Let’s try disabling net.ipv4.tcp_syncookies
altogether and rerun the test:
sysctl -w net.ipv4.tcp_syncookies=0
jekyll serve --port=8080
That apparently did it:
benny@gamma:~$ ab -c 200 -n 20000 http://samplehost.com:8080/
This is ApacheBench, Version 2.3 <$Revision: 1430300 $>
Copyright 1996 Adam Twiss, Zeus Technology Ltd, http://www.zeustech.net/
Licensed to The Apache Software Foundation, http://www.apache.org/
Benchmarking samplehost.com (be patient)
Completed 2000 requests
Completed 4000 requests
Completed 6000 requests
Completed 8000 requests
Completed 10000 requests
Completed 12000 requests
Completed 14000 requests
Completed 16000 requests
Completed 18000 requests
Completed 20000 requests
Finished 20000 requests
Server Software: WEBrick/1.3.1
Server Hostname: samplehost.com
Server Port: 8080
Document Path: /
Document Length: 5312 bytes
Concurrency Level: 200
Time taken for tests: 114.804 seconds
Complete requests: 20000
Failed requests: 0
Write errors: 0
Total transferred: 111120000 bytes
HTML transferred: 106240000 bytes
Requests per second: 174.21 [#/sec] (mean)

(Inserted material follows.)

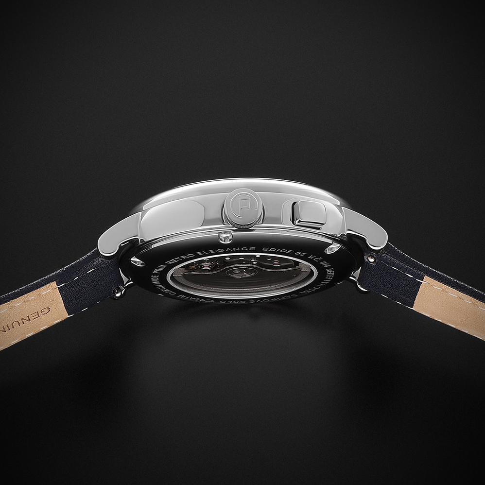 PRIM Retro Elegance 2025 se vrací k většímu průměru pouzdra, čímž odpovídá přání těch, kdo touží po hodinkách s opravdovou přítomností na zápěstí. V době, kdy se mnohé značky přiklání k menším rozměrům, si PRIM dovoluje jít proti proudu – a právě proto je tento model tak unikátní. Větší rozměr není jen vizuální výhodou, ale stává se symbolem jistoty a sebevědomí.

Time per request: 1148.041 [ms] (mean)
Time per request: 5.740 [ms] (mean, across all concurrent requests)
Transfer rate: 945.22 [Kbytes/sec] received
Connection Times (ms)
min mean[+/-sd] median max
Connect: 39 316 1992.7 47 63230
Processing: 41 58 80.5 53 8351
Waiting: 40 55 79.1 50 8253
Total: 81 374 1996.6 100 63510
Percentage of the requests served within a certain time (ms)
50% 100
66% 104
75% 107
80% 110
90% 363
95% 1103
98% 3102
99% 7107
100% 63510 (longest request)
benny@gamma:~$
However, this time syslog yields a different message:
Jul 8 09:25:57 alpha kernel: [2141575.522620] TCP: TCP: Possible SYN flooding on port 8080. Dropping request. Check SNMP counters.